### EXERCISE AIM:
As you reproduce every line below, keep it exactly as written and leave out the images.

### DATA SECTION:
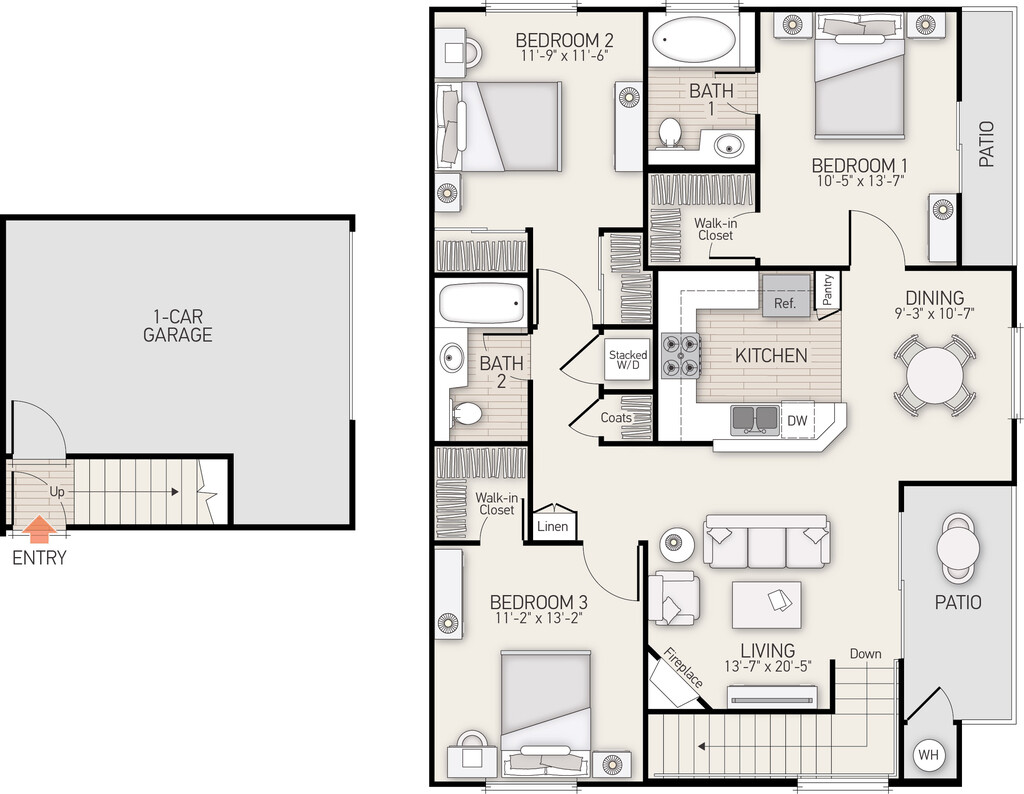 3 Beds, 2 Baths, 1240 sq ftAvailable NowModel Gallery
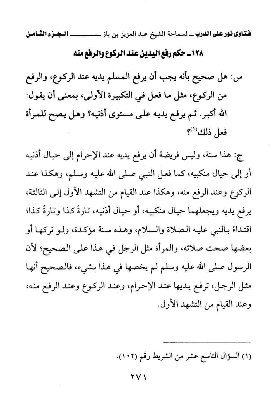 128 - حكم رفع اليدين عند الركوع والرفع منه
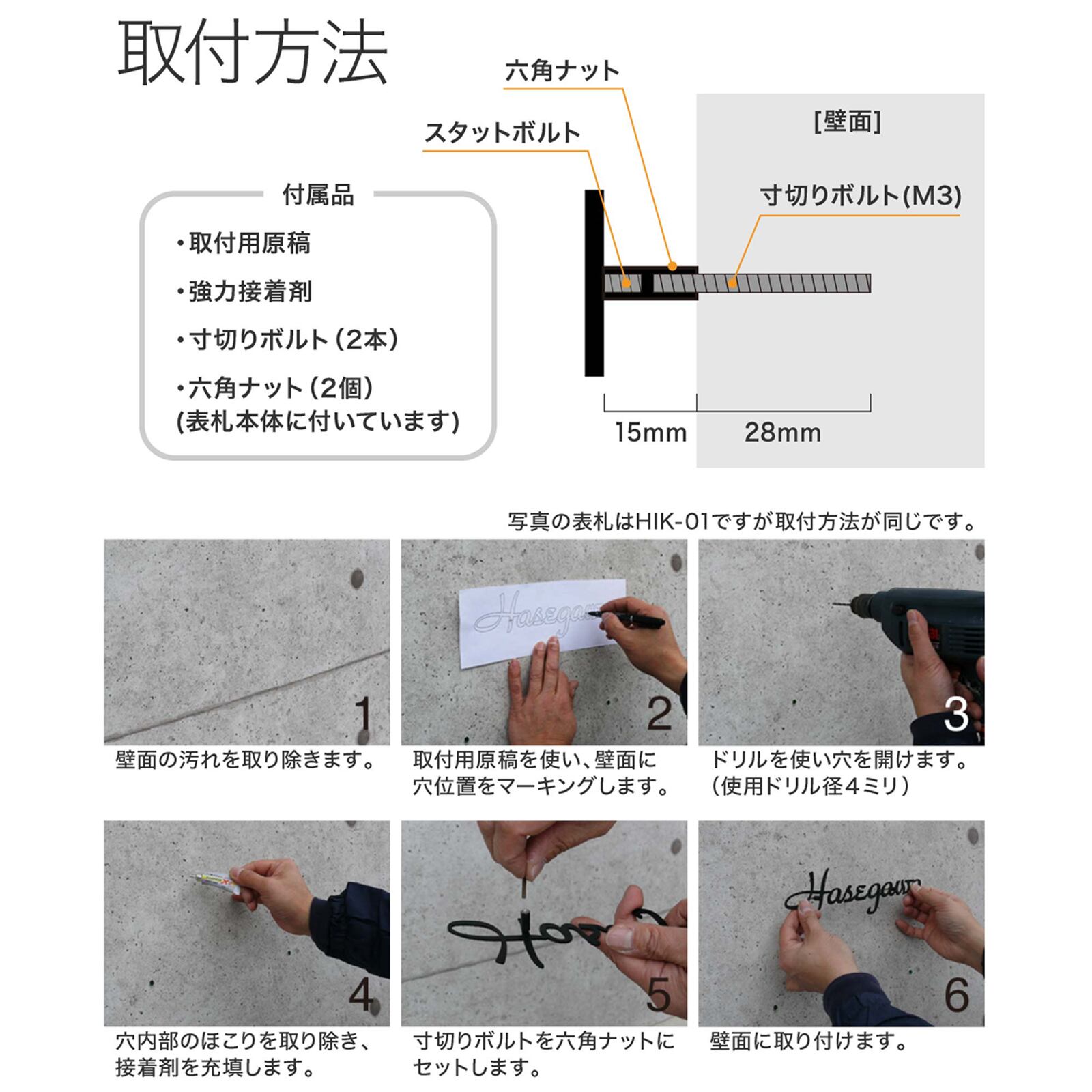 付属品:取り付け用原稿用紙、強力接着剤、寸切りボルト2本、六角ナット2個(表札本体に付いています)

### RESPONSE TO THIS TASK:
 3 Beds, 2 Baths, 1240 sq ftAvailable NowModel Gallery
 128 - حكم رفع اليدين عند الركوع والرفع منه
 付属品:取り付け用原稿用紙、強力接着剤、寸切りボルト2本、六角ナット2個(表札本体に付いています)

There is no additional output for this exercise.